═════ Data for analysis ═════

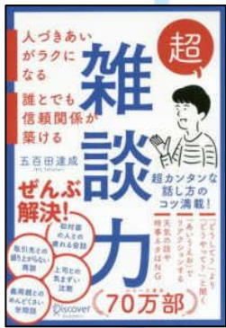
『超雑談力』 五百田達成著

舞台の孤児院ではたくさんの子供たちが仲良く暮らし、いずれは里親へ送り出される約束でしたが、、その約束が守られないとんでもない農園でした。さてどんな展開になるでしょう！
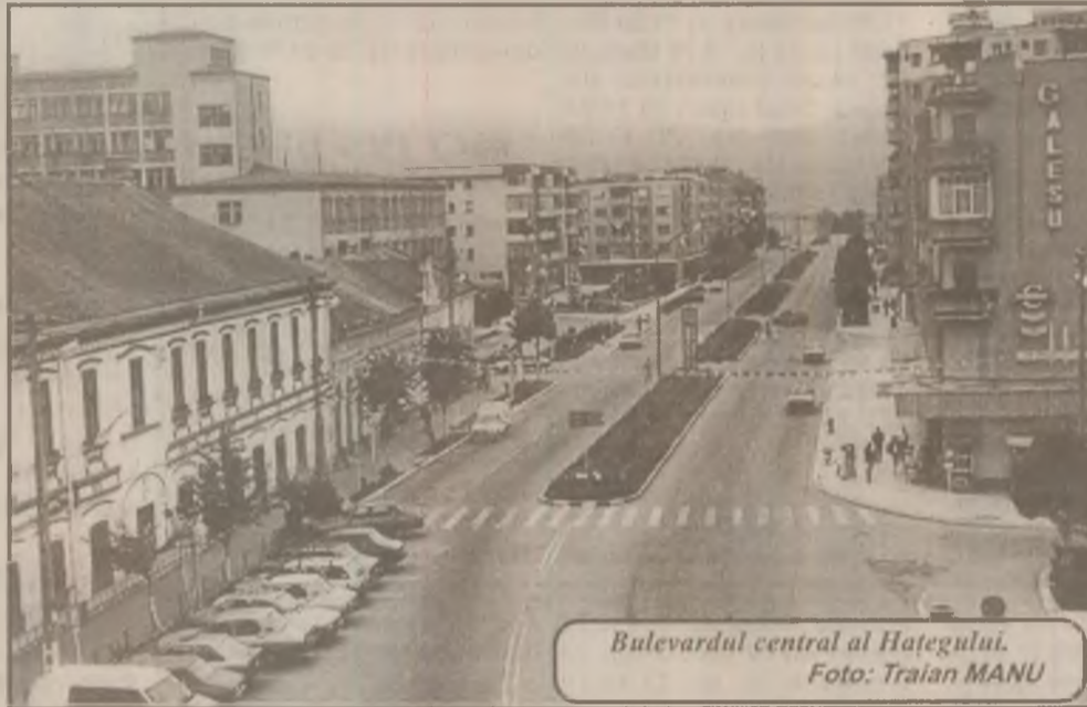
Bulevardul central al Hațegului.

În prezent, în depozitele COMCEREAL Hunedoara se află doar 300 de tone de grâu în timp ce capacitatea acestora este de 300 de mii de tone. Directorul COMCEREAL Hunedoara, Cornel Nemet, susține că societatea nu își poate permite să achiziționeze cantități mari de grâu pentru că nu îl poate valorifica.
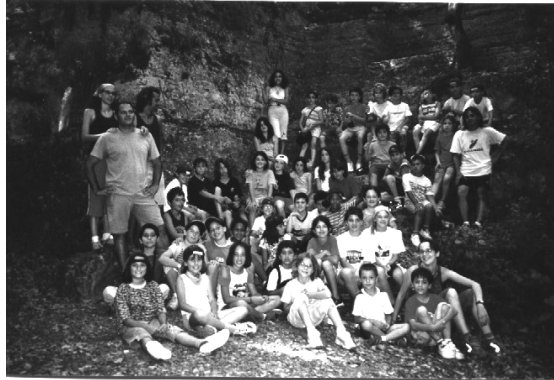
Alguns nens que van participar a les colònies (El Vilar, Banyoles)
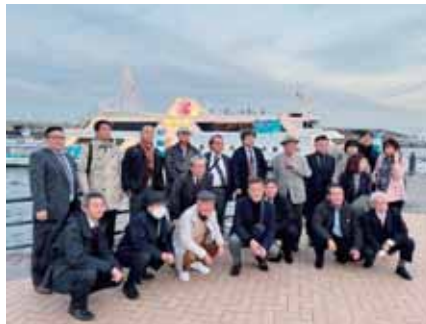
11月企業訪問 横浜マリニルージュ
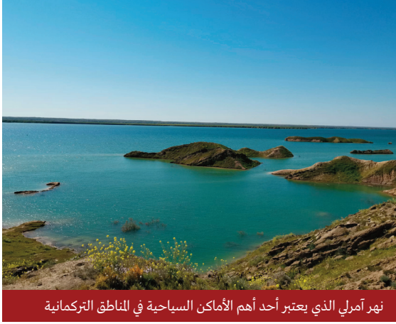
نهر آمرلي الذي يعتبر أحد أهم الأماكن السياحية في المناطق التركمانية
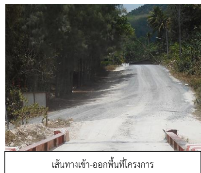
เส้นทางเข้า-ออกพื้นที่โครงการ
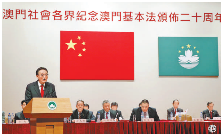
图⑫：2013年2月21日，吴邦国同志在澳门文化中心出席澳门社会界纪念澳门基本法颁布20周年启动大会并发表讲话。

═════
═════ Data for analysis ═════

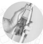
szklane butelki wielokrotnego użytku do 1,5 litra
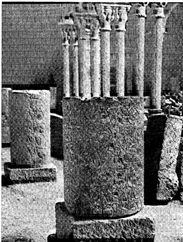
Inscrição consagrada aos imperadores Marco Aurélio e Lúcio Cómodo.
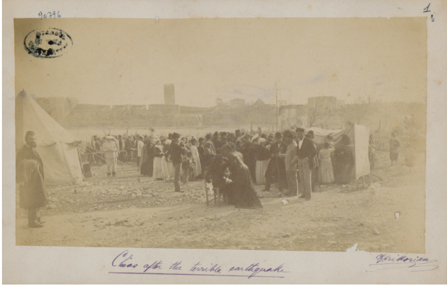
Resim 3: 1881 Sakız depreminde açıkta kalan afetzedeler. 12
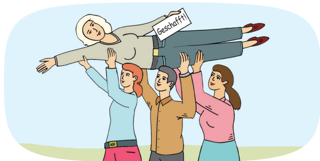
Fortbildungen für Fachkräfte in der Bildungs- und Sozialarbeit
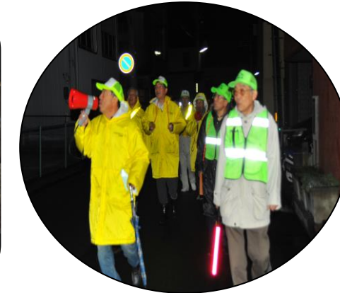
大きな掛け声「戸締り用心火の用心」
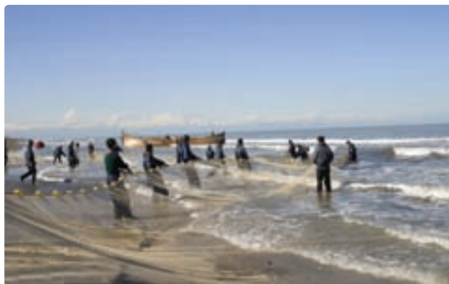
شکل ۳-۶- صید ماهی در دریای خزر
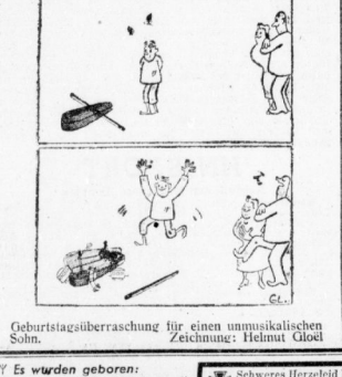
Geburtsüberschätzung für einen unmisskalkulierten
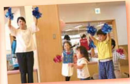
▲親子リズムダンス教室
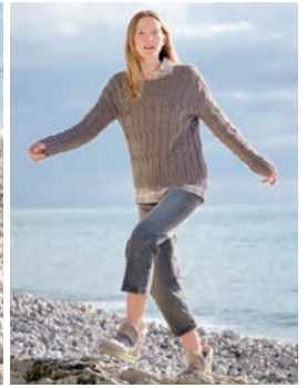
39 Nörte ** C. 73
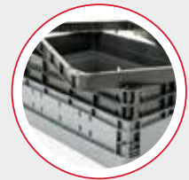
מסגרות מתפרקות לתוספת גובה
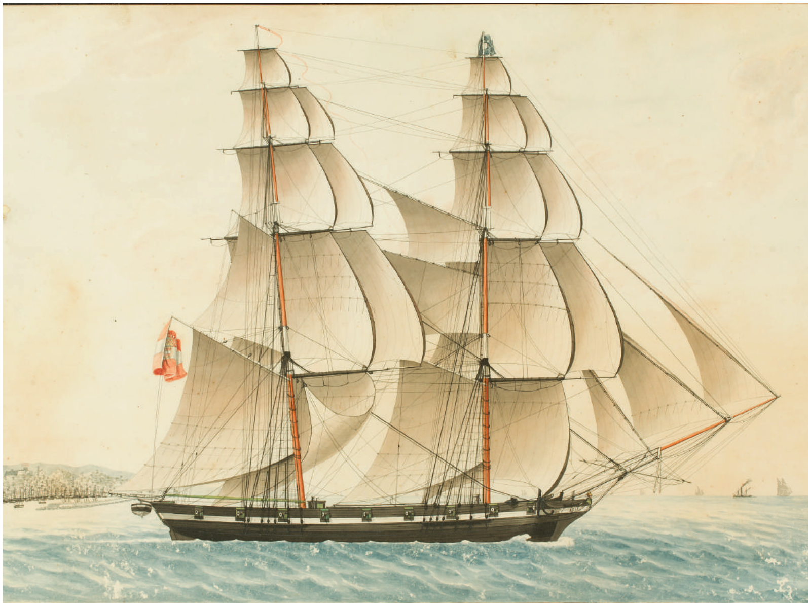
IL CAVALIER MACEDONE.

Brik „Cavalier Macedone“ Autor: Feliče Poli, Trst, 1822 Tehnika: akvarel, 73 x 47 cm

═════

• Task to carry out
Return exactly the lines of the material above, starting at the line containing "Inscrição consagrada aos" and finishing at the line containing "akvarel, 73 x 47 cm", without any pictures.

• Result of the task
Inscrição consagrada aos imperadores Marco Aurélio e Lúcio Cómodo.
Resim 3: 1881 Sakız depreminde açıkta kalan afetzedeler. 12
Fortbildungen für Fachkräfte in der Bildungs- und Sozialarbeit
大きな掛け声「戸締り用心火の用心」
شکل ۳-۶- صید ماهی در دریای خزر
Geburtsüberschätzung für einen unmisskalkulierten
▲親子リズムダンス教室
39 Nörte ** C. 73
מסגרות מתפרקות לתוספת גובה
IL CAVALIER MACEDONE.

Brik „Cavalier Macedone“ Autor: Feliče Poli, Trst, 1822 Tehnika: akvarel, 73 x 47 cm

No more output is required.